Figure 1b shows a picture of our first
implementation of a lag camera using only two
cameras. Figure 1c shows example images captured
by our lag camera. These images are acquired from
approximately the same viewpoint and at nearby
instances in time. Hence, a lag camera can move
through the environment, efficiently capturing
image samples, yet easily and interactively detecting
moving foreground objects. Moreover, since both
the occluder and the lag camera are moving, the
system can both omit foreground objects and obtain
samples of surfaces behind the occluder. Figure 1e
shows an example application of lag cameras to
produce novel views using a modified unstructured
lumigraph. Figure 1d shows a naïve reconstruction
from the same viewpoint with a moving occluder
partially appearing.
Our main contributions are as follows:
We describe lag cameras that can move through
an environment while acquiring space-time
samples of the scene.
We develop a new motion detection algorithm
using a lag camera to create motion masks. This
technique allows us to easily and interactively
detect moving objects in the scene while the
camera itself is undergoing motion. The
detected moving objects can then be extracted,
reconstructed or removed from the capture.

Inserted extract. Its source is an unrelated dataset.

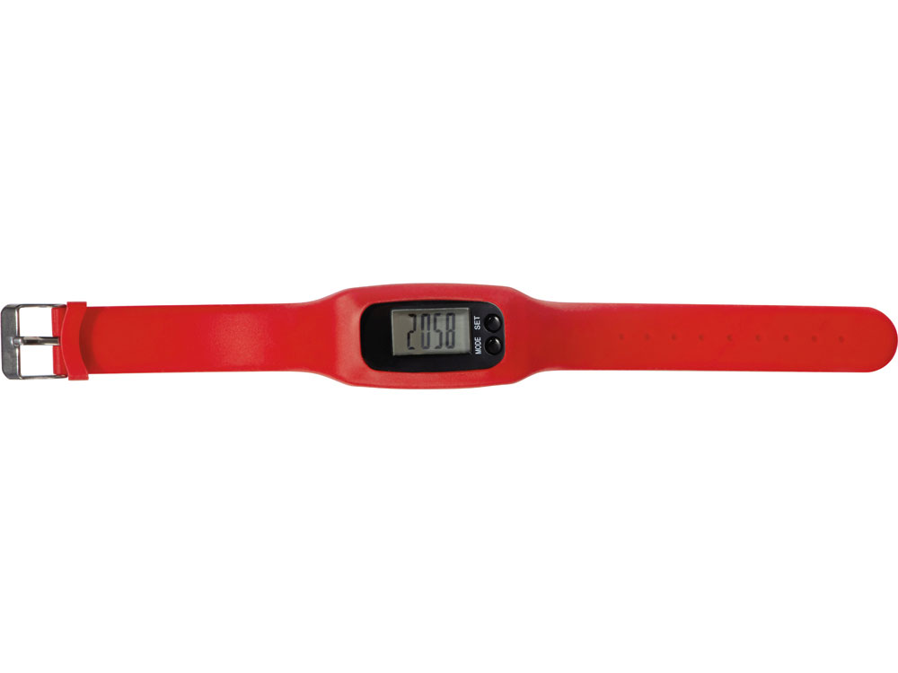 Наручные часы с возможностью отображения времени, калорий, шагов и дистанции. Есть переключение между метрической и британской системами измерений. На силиконовом ремешке можно сделать гравировку. Часы упакованы в пластиковую коробку, которую можно использовать для нанесения. Батарейка в комплекте.

We provide a method for acquiring samples of a
static background scene even in the presence of
moving occluders in between the camera and
the scene. This allows us to acquire images of
in-use environments even if people enter and
leave the field of view of the camera.
Our lag camera design borrows ideas from multiple
areas of research. Previous methods have used
camera clusters to increase field of view or construct
stereo rigs. In contrast, the purpose of a lag camera,
while also a cluster of cameras, is to acquire space-
time samples for foreground and background
Space-time sampling addresses the 3D
reconstruction problem by sampling in both spatial
and temporal domains. For example, Davis et al
(Davis, 2005) use a spatial-temporal algorithm to
reconstruct depth for moving scenes. Similar work
can also be found in (Zhang, 2003). Our method is
related to these approaches in the sense of
supporting such space-time algorithms. Instead of
using regular cameras, we propose a novel camera
design that is well-suited for space-time processing.
Lightfield and lumigraph rendering methods
capture and represent the scene with a group of
images (Levoy, 1996; Gortler, 1996; Buehler 2001).
Rays are selected and blended from the reference
images to create novel views of the scene without
explicit knowledge of the geometry of the scene.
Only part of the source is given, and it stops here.